*** Source data

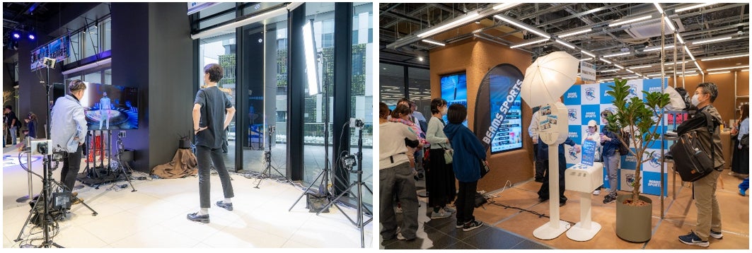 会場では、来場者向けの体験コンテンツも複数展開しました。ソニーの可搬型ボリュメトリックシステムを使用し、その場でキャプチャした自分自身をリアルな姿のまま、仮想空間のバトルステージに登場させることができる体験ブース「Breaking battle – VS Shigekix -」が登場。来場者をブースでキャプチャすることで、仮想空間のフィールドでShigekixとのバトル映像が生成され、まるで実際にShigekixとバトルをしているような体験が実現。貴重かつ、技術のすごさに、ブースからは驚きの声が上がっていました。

******
*** Source data

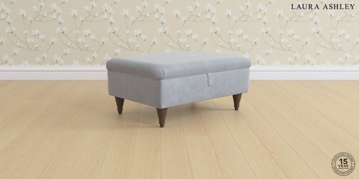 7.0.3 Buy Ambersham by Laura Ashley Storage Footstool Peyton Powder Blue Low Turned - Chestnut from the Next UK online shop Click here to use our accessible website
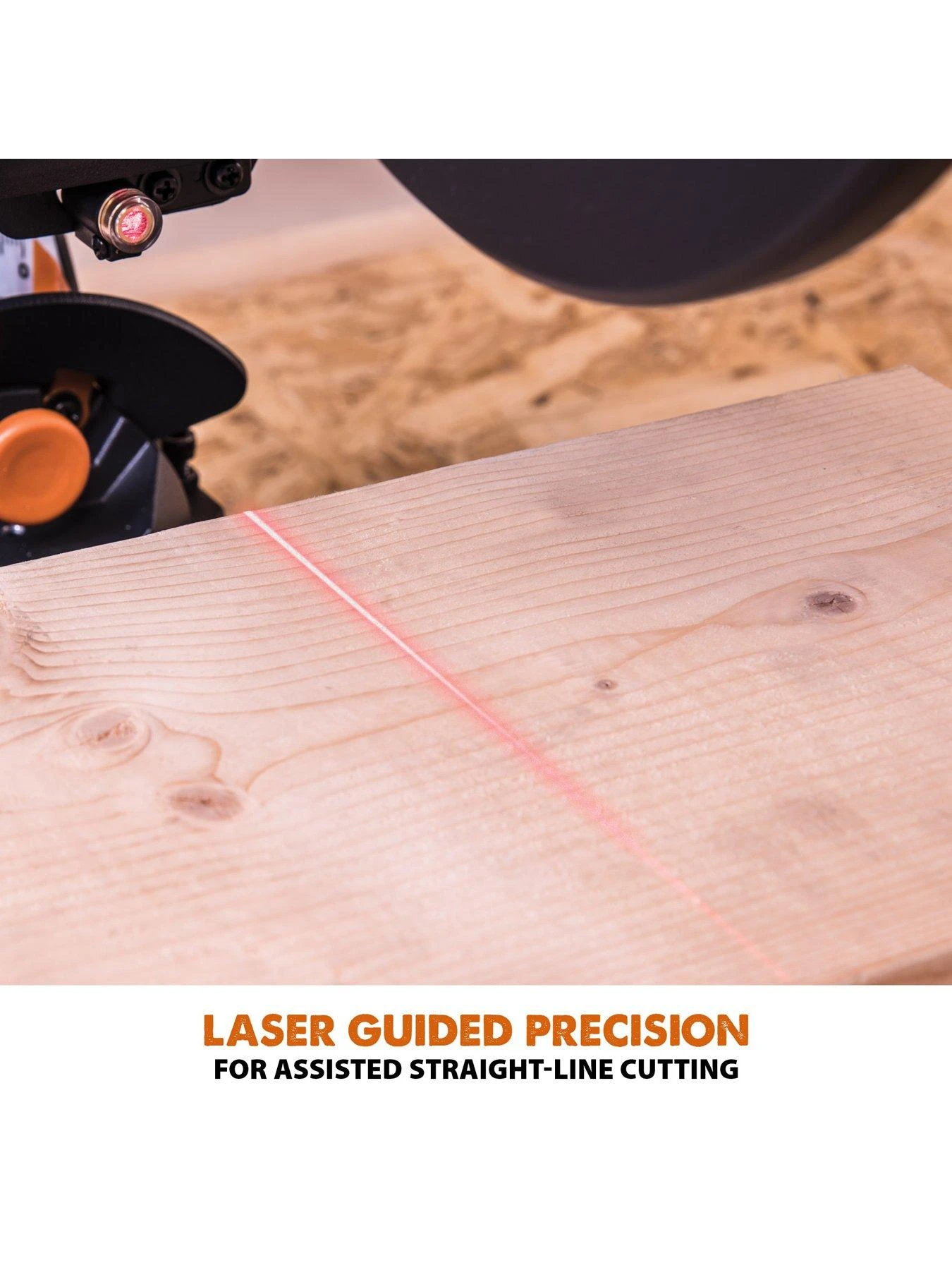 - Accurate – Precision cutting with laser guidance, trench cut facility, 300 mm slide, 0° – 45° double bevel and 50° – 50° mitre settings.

******

Now transcribe the lines above exactly, starting at the line containing "7.0.3 Buy Ambersham" and ending at the line containing "- Accurate –", both lines included, pictures excluded.

- Result of the task
 7.0.3 Buy Ambersham by Laura Ashley Storage Footstool Peyton Powder Blue Low Turned - Chestnut from the Next UK online shop Click here to use our accessible website
 - Accurate – Precision cutting with laser guidance, trench cut facility, 300 mm slide, 0° – 45° double bevel and 50° – 50° mitre settings.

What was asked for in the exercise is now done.